─── Given records ───

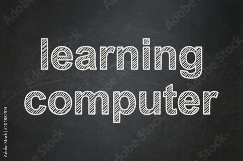 © Maksim Kabakou, Obraz premium Learning concept: text Learning Computer on Black chalkboard background
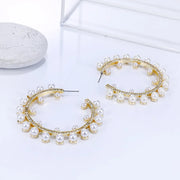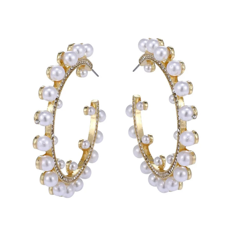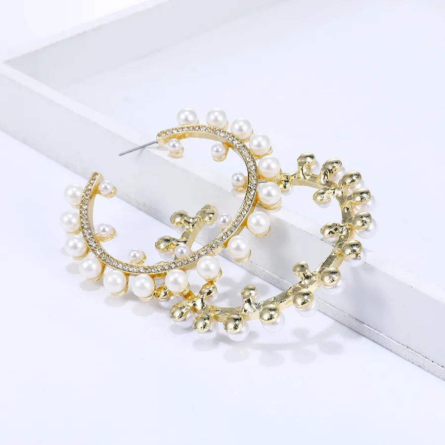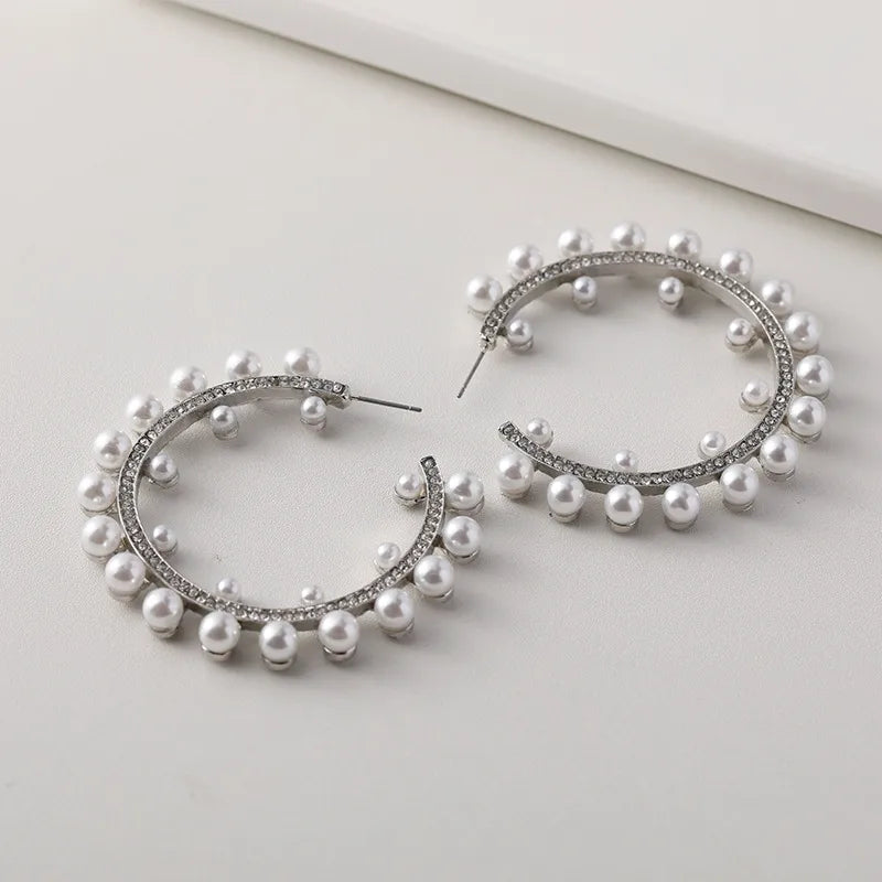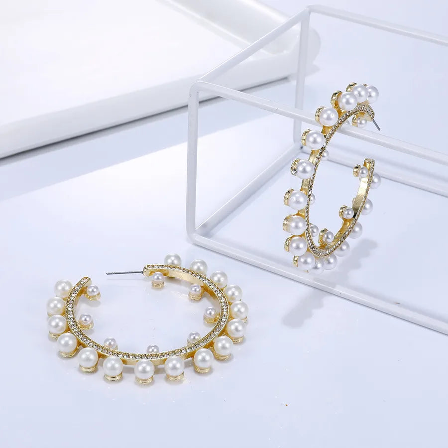 Exaggerated Large Circle Pearl Diamond Embedded Fashion Trend Simple Personality Hoop Earrings Women - White
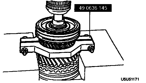 - Remove the mainshaft rear bearing by using the SSTs.
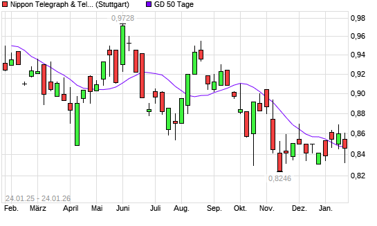 Mit dem Rücksetzer auf 0,83 EUR hat die Nippon Telegraph & Telephone-Aktie am 23.01.2026 die 50-Tage-Linie nach unten gekreuzt.Die Nippon Telegraph & Telephone-Aktie befindet sich seit ...weiterlesen
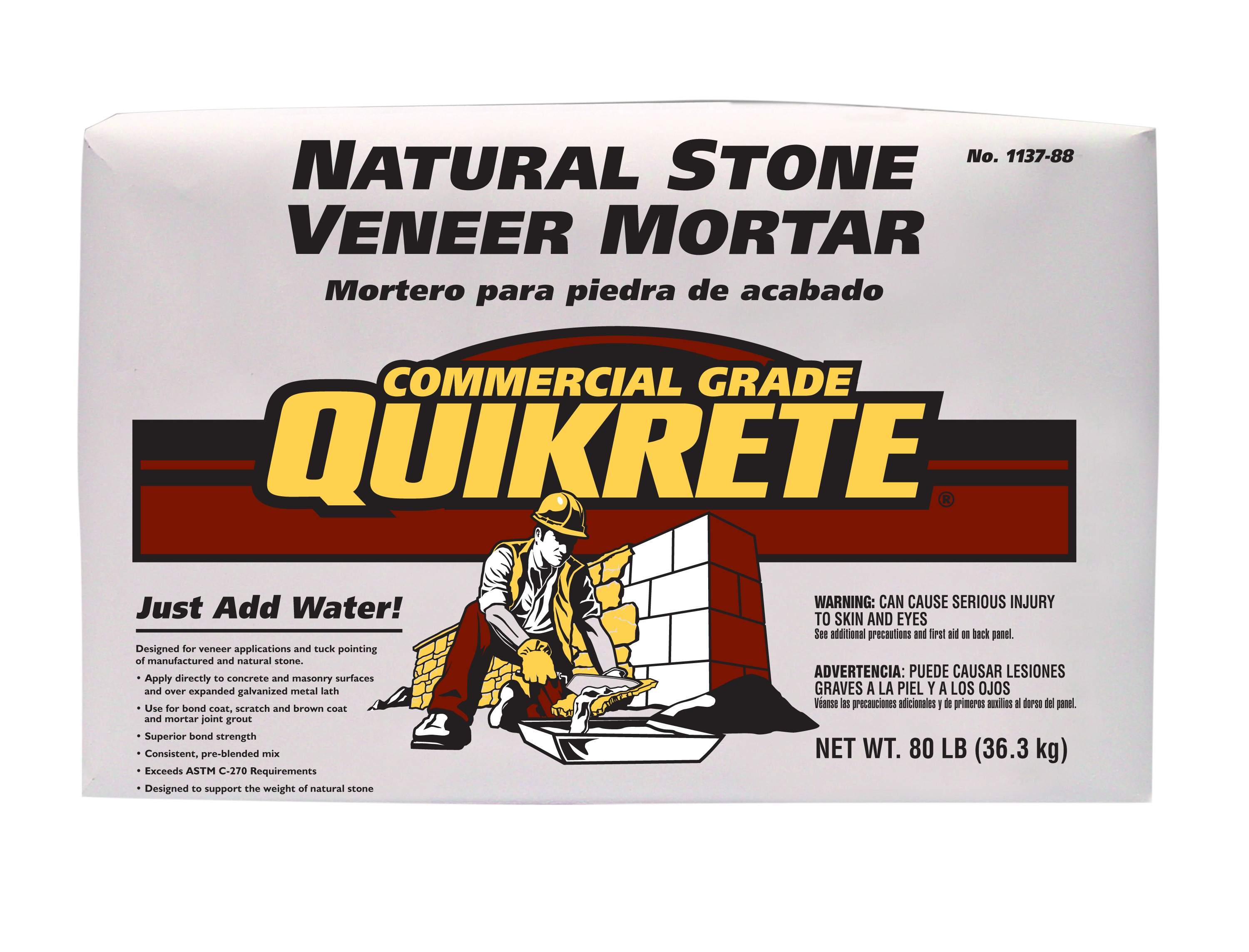 QUIKRETE® Natural Stone Veneer Mortar (No. 1137-88) is a contractor-grade mortar mix designed for veneer applications and tuck pointing of natural stone. QUIKRETE® Natural Stone Veneer Mortar can be used as a bond coat, scratch and brown coat and as a mortar joint grout over concrete and masonry surfaces or galvanized, expanded metal lath.
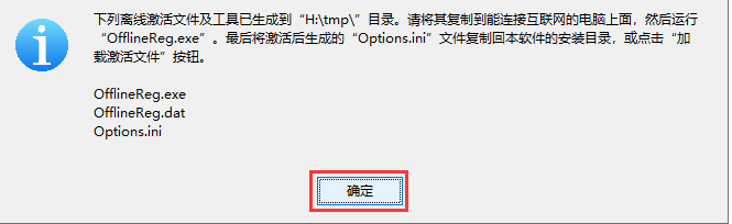 7/9离线激活文件保存成功,点击“确定”按钮。然后将这三个文件复制到一台可以连接互联网的电脑

───

Prompt: Render all entries verbatim, excluding any pictures they hold.

Output for this task:
 © Maksim Kabakou, Obraz premium Learning concept: text Learning Computer on Black chalkboard background
 Exaggerated Large Circle Pearl Diamond Embedded Fashion Trend Simple Personality Hoop Earrings Women - White
 - Remove the mainshaft rear bearing by using the SSTs.
 Mit dem Rücksetzer auf 0,83 EUR hat die Nippon Telegraph & Telephone-Aktie am 23.01.2026 die 50-Tage-Linie nach unten gekreuzt.Die Nippon Telegraph & Telephone-Aktie befindet sich seit ...weiterlesen
 QUIKRETE® Natural Stone Veneer Mortar (No. 1137-88) is a contractor-grade mortar mix designed for veneer applications and tuck pointing of natural stone. QUIKRETE® Natural Stone Veneer Mortar can be used as a bond coat, scratch and brown coat and as a mortar joint grout over concrete and masonry surfaces or galvanized, expanded metal lath.
 7/9离线激活文件保存成功,点击“确定”按钮。然后将这三个文件复制到一台可以连接互联网的电脑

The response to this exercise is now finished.